SWANZ and BSS 2018

The weekend was kicked off by the New Zealand Writers Guild SWANZ Awards. The ever effervescent Nick Ward MCed the event while I did my best Vanna White impression handing him the awards as required. It was a great turn out — my evening ensemble was admired (21st century Miami Vice, courtesy of various op shops), the food was good and plentiful, and it’s always nice to see so many writerly faces in one place.

The symposium was a more formal affair — collegial rather than fraternal — and was rampant with speakers and attendees, some of them I knew from one thing or another, and some I met for the first time.

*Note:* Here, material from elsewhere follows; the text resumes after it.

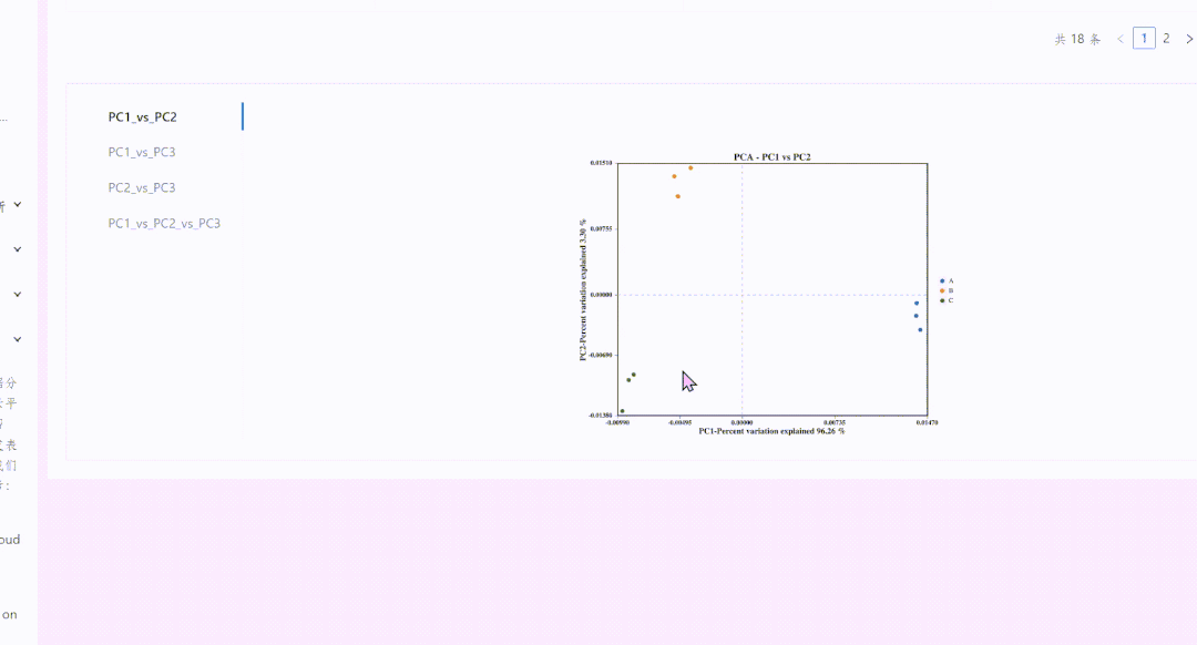 其次,以代謝組分析平臺的個性化分析PCoA圖為例,進(jìn)行操作步驟的視頻介紹:

Over the three days, I caught up with:

  • Alice, Mel, Alan, Allan, Kathryn and Rachel from the guild represented;
  • three from the class of 2016 — the unstoppable Maraea Rakuraku, the inquisitive William Duignan, and the observant Myfanwy Fanning-Randall;
  • former guild ED Steve Gannaway and his partner Alex Cole-Baker; One Thousand Ropes‘ Tusi Tamasese and Catherine Fitzgerald; PIFT stalwarts Aaron Taouma, Arnette Arapai and Sandra Kailahi; South Pacific Pictures’ Tim Balme and James Griffin; and Waru‘s Chelsea Cohen, Ainsley Gardiner, Paula Jones, Casey Kaa, Renae Maihi, Josephine Stewart-Te Whiu and Katie Wolfe;
  • Chantelle Burgoyne; South Seas’ Gerben Cath; the indefatigable Tony Forster; Paula Jones (no, the other one); Roseanne LiangChristina Milligan; producing titan Robin Scholes; Riverside Kings‘ Sarita So; and the redoubtable Louise Tu’u.

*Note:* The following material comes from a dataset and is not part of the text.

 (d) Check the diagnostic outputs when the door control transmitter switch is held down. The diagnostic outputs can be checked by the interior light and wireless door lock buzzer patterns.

Speaker highlights of the symposium were:

  • an small-group Q-and-A with David Michôd;
  • a refreshing and irreverent talk by Neil Cross;
  • filmmaker So Yong Kim‘s oeuvre is a fascinating thing I need to look into;
  • agent Bec Smith‘s talk was a confirmation of how talent always finds a way;
  • and Oz drama commissioners Kyle Du Fresne and Penny Win, was an interesting session on how things happen across the ditch.

A bit of a blur but I’m glad I attended.

(I’ve done it again: even though I name-checked the Screenwriting Research Network Conference in August, I’ve neglected to write about this year’s Arts Market in Auckland. Next year. Promise.)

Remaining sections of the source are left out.